• [INSTRUCTIONS FOR THE TASK] Up to and including the line with "성북경찰서 정문에서 피의자 A씨가 송치되고 있다.", write out the listing from its first line, minus the pictures.

-- RECORDED DATA follows --

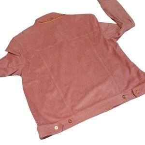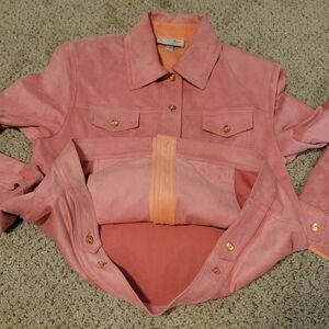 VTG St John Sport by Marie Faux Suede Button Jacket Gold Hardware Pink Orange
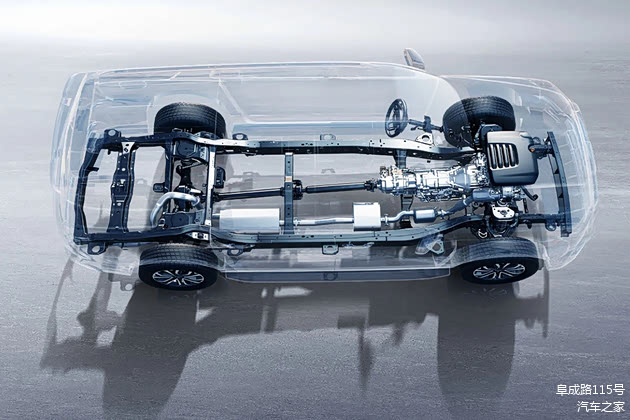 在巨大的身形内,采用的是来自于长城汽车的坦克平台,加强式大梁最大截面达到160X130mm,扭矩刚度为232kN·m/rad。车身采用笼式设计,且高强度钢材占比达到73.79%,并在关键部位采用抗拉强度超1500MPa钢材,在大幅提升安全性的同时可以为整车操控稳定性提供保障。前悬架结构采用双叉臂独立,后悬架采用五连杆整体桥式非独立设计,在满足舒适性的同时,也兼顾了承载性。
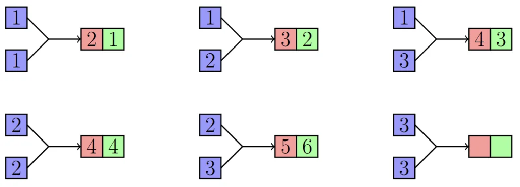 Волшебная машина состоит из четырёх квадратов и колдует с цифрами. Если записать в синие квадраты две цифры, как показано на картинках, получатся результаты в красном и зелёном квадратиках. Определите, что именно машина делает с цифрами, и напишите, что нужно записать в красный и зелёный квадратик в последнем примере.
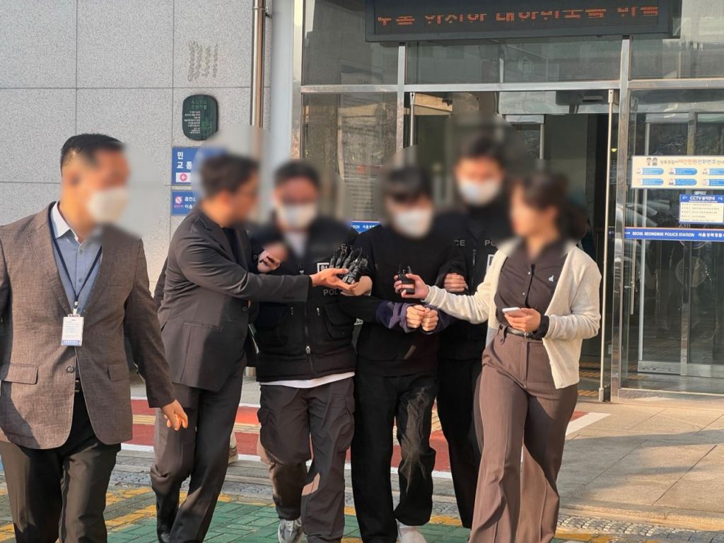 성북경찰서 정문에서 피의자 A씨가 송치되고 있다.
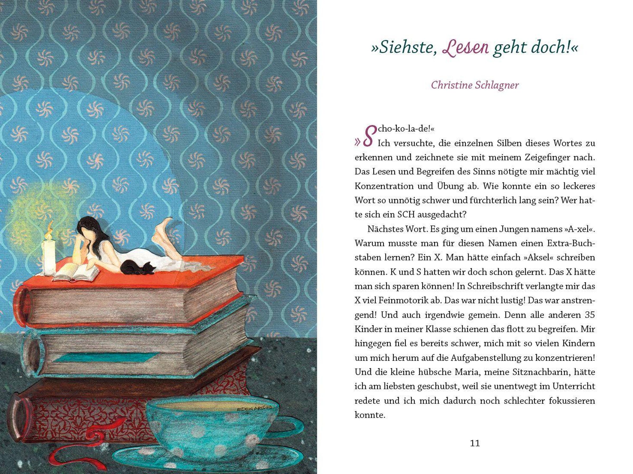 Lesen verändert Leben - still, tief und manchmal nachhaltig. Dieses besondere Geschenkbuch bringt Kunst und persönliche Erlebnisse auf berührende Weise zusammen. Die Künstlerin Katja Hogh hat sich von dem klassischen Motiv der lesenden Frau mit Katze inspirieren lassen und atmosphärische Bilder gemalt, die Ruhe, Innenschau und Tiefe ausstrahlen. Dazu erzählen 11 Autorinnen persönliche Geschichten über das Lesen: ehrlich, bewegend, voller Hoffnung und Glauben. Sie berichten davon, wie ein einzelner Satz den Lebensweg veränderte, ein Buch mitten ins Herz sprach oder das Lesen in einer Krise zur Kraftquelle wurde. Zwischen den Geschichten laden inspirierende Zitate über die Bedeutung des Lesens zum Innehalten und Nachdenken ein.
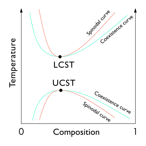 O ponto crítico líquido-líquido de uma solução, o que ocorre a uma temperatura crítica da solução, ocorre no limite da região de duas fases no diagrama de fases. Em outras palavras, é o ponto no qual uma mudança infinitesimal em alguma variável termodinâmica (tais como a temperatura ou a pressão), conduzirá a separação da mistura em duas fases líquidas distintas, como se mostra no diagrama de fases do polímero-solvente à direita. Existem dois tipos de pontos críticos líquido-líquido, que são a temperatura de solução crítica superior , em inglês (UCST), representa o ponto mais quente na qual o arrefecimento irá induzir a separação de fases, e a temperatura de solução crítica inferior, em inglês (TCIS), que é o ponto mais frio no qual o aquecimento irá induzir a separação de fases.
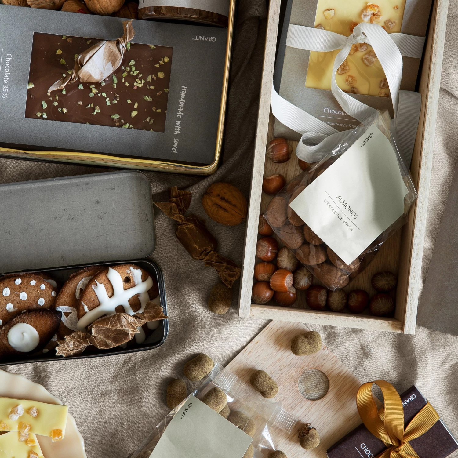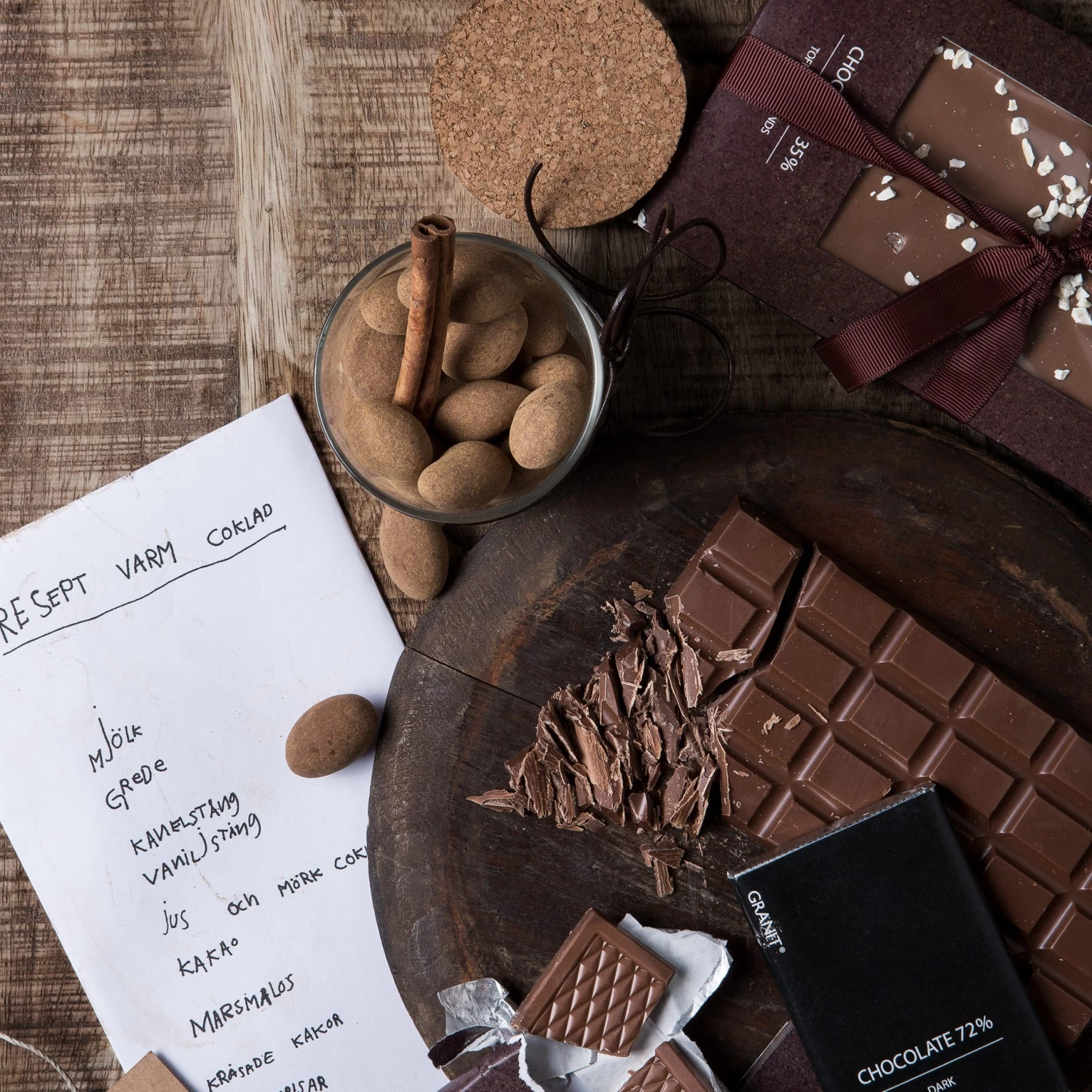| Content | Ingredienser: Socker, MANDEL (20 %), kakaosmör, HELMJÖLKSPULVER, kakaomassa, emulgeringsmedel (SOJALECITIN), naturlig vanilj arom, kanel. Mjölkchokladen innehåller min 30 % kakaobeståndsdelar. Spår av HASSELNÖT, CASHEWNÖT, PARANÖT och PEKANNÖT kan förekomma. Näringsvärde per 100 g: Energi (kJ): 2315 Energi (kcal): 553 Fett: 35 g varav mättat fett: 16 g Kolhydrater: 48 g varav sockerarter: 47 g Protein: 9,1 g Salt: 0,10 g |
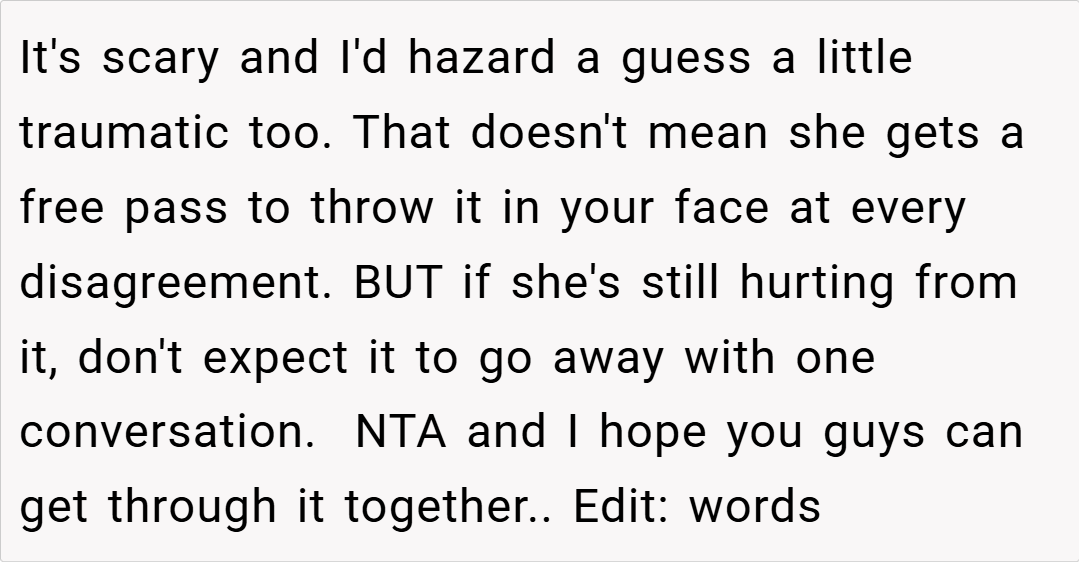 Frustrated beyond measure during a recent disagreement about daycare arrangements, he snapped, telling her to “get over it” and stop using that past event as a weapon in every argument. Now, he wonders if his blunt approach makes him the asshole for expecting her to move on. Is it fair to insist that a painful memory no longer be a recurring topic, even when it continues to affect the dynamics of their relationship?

-- RECORDED DATA concluded --

• [SOLUTION FOR THIS TASK]
 VTG St John Sport by Marie Faux Suede Button Jacket Gold Hardware Pink Orange
 在巨大的身形内,采用的是来自于长城汽车的坦克平台,加强式大梁最大截面达到160X130mm,扭矩刚度为232kN·m/rad。车身采用笼式设计,且高强度钢材占比达到73.79%,并在关键部位采用抗拉强度超1500MPa钢材,在大幅提升安全性的同时可以为整车操控稳定性提供保障。前悬架结构采用双叉臂独立,后悬架采用五连杆整体桥式非独立设计,在满足舒适性的同时,也兼顾了承载性。
 Волшебная машина состоит из четырёх квадратов и колдует с цифрами. Если записать в синие квадраты две цифры, как показано на картинках, получатся результаты в красном и зелёном квадратиках. Определите, что именно машина делает с цифрами, и напишите, что нужно записать в красный и зелёный квадратик в последнем примере.
 성북경찰서 정문에서 피의자 A씨가 송치되고 있다.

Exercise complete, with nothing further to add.